Consider yourself lucky really. New MV Agusta's are shipped with a new battery that's so bad that they often fail within a month of the bike being delivered to the customer.
Look on the MV forums for owners belly aching about how their "italian exotica" (which is easily outrun by any RR in rain mode) won't start and how they expect so much better with how much they paid. Should have bought an RR. Cheaper faster and better built.
The original battery in my 2014 is fine. It's a street bike so I don't mind carrying the lead weight. I have to say the MV battery is safer. It prevents the bike from starting all together and prevents the issue from happening in the first place.
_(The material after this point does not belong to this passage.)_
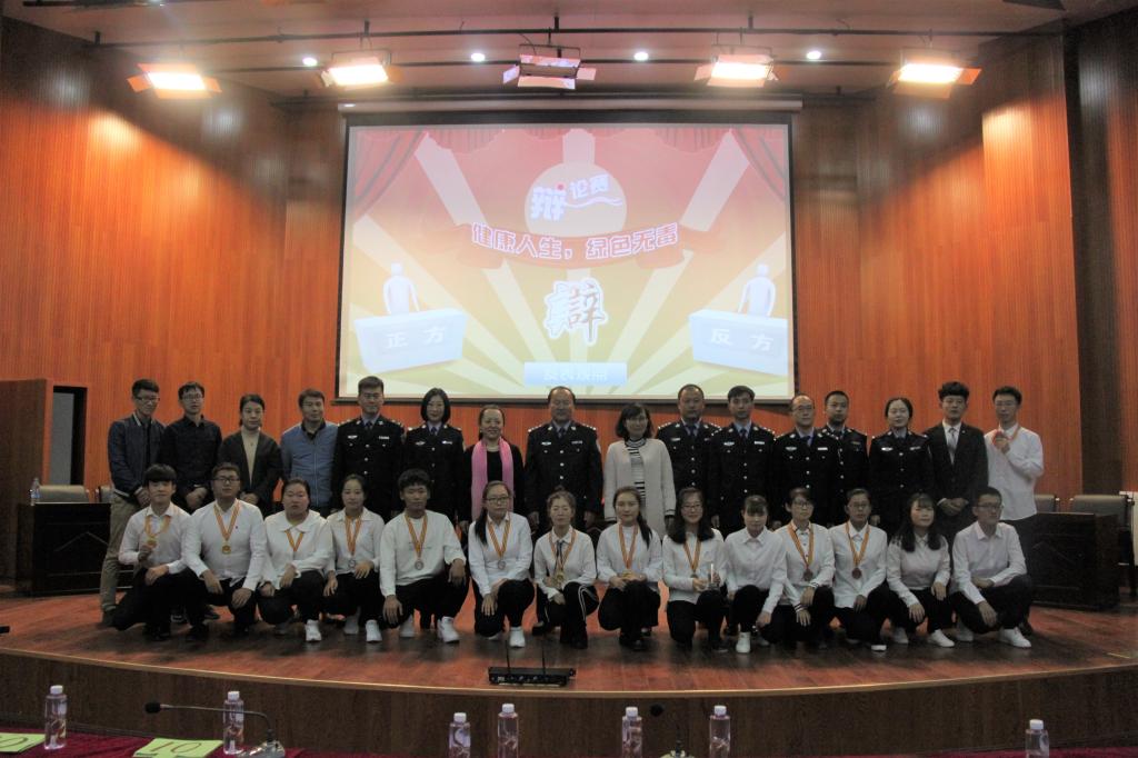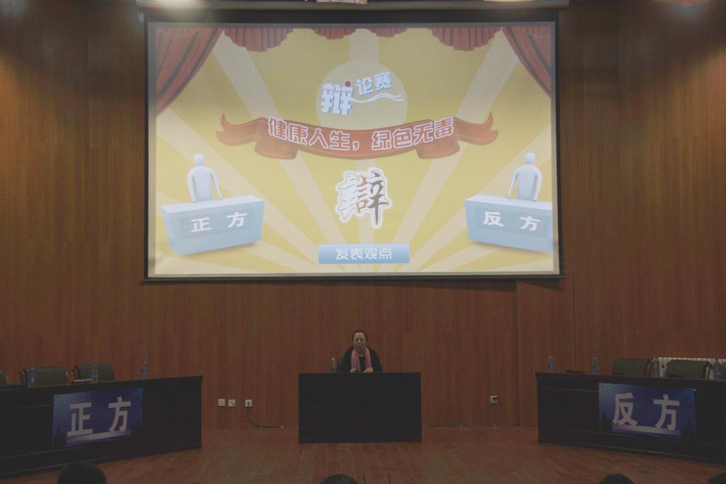 辩论赛之后,市委讲师团王副团长为大家作了防毒知识讲座。她首先同学们的表现做了精彩点评,并说明举办该项活动,不仅是以吸引老员工的辩论赛形式向在校师生宣传禁毒知识,也加大了禁毒教育的针对性和覆盖面,对老员工们学习禁毒知识,提高防毒、拒毒意识都有着重要意义,期间,讲师还邀请了我们参加辩论比赛的16位同学以及主持加入禁毒宣讲志愿者讲师团,并告诫同学们毒品“一次吸食,终身难戒”。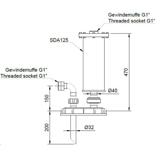IBC-Schraubkappe DN 225 aus PE-el, mit Säuredunstabscheider SDA125 und Befüllanschluss G1", elektrisch-leitfähig

lol, but I would be dead or very hurt if I did not save it on the street. Or even worse if it happened on the track. I'm gonna contact BMW dealership to see what they have to say about this. @sro I believe you, I called BT before I saw your reply. Looks like Battery Tender is the way to go. I agree low voltage protection is nice to have, but won't affect me as much.
On the flip side of that it was a good learning experience. I won't buy another lithium battery without low voltage protection. Only took me 3 times to finally figure that out.
I spoke to service manager at my dealership. He said there is only one case in the shop with terminals failing. It's covered under warranty but needs to be filed under battery malfunction not just cracked terminal. He said the spacer on top of the battery that most likely causes it to move and crack terminals. He does not know why the battery is allowed to move around and why BMW did not secure it in place.
He said lithium is fine only on RR. Most other BMW bikes (r nine, GS, XR, etc...) have issues with lithium and suggested not using such battery on those bigger bikes. He reused to recommend a specific lithium battery brand because it's not approved by BMW. But it won't void warranty if I bought one. I'm going to get my dashboard replaced, I asked him to keep a spare battery for me in case I did not get a lithium one.